Percutaneous and open release both effectively treat trigger finger, but percutaneous release enables quicker recovery, faster return to daily activities, and less pain medication use with similar safety.

Background

The comparative safety and clinical effectiveness of percutaneous A1 pulley release versus open surgical release for trigger finger (stenosing tenosynovitis) remain topics of ongoing debate. This systematic review and meta-analysis evaluated outcomes between these two surgical techniques and explored the added value of ultrasound-guided percutaneous release in enhancing precision and patient outcomes.

Method

Randomized controlled trials (RCTs) issued up to 11 August 2025 were analyzed. Key databases, including Embase, PubMed, and the Cochrane Library, were explored for studies comparing percutaneous trigger finger release with open surgery. Key outcome measures encompassed functional recovery (Quick Disabilities of the Arm, Shoulder, and Hand; Q-DASH scores), pain (visual analog scale; VAS), complication rates, revision rates, grip strength, range of motion, and time to return to work.

Endpoints were determined across multiple follow-up intervals: immediate (one week), short-term (<one month), mid-term (three months), and long-term (six months). Subgroup analysis determined ultrasound-guided versus non-guided percutaneous techniques.

Result

A total of 14 RCTs involving 996 patients were incorporated. Percutaneous A1 pulley release illustrated substantially superior outcomes in early recovery phases, including improved Q-DASH functional scores at immediate (mean difference; MD: 24.94), short-term (MD: 15.08), and mid-term follow-up (MD: 7.27).

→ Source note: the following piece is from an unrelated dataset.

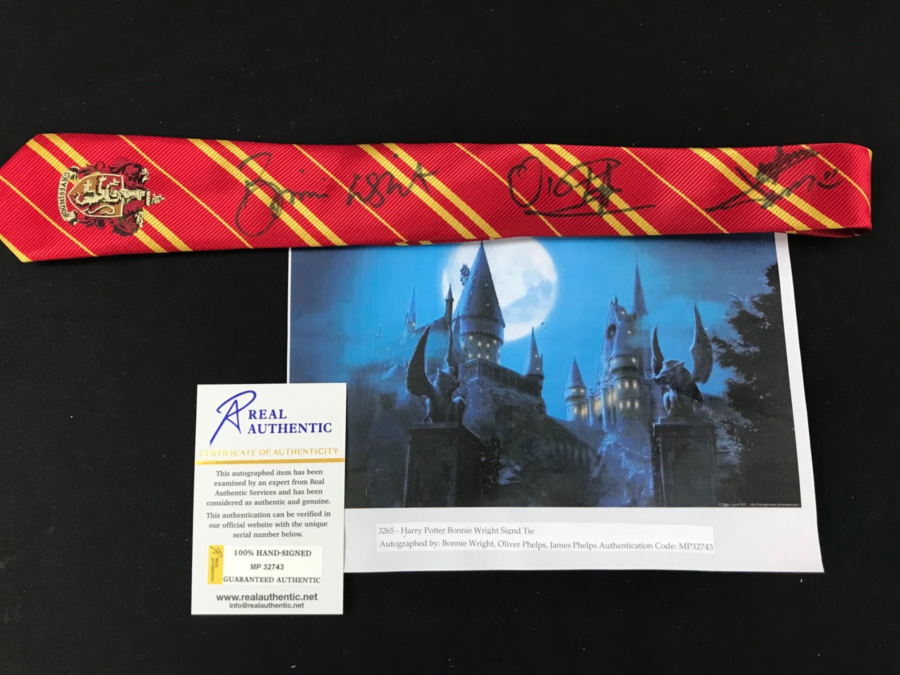HARRY POTTER SIGNED NECK TIE (PHELPS/WRIGHT) RA COA

Additionally, those undergoing percutaneous release experienced faster return to work (MD: 12.82 days) and shorter duration of post-surgery analgesic usage (MD: 4.66 days). However, long-term outcomes, including DASH scores, grip strength, joint mobility, pain scores, complication rates, and need for revision surgery, were comparable between both techniques. 

Conclusion

Both percutaneous and open trigger finger release surgeries proved to be safe and effective treatment options. However, percutaneous release offered faster functional recovery, reduced postoperative pain medication use, and earlier return to daily activities, without compromising long-term outcomes or safety.

Source:

Journal of Orthopaedic Science

Article:

Comparative effectiveness of open versus percutaneous release for trigger fingers: A systematic review and meta-analysis of randomized controlled trials

Authors:

Kuan-Chen Huang et al.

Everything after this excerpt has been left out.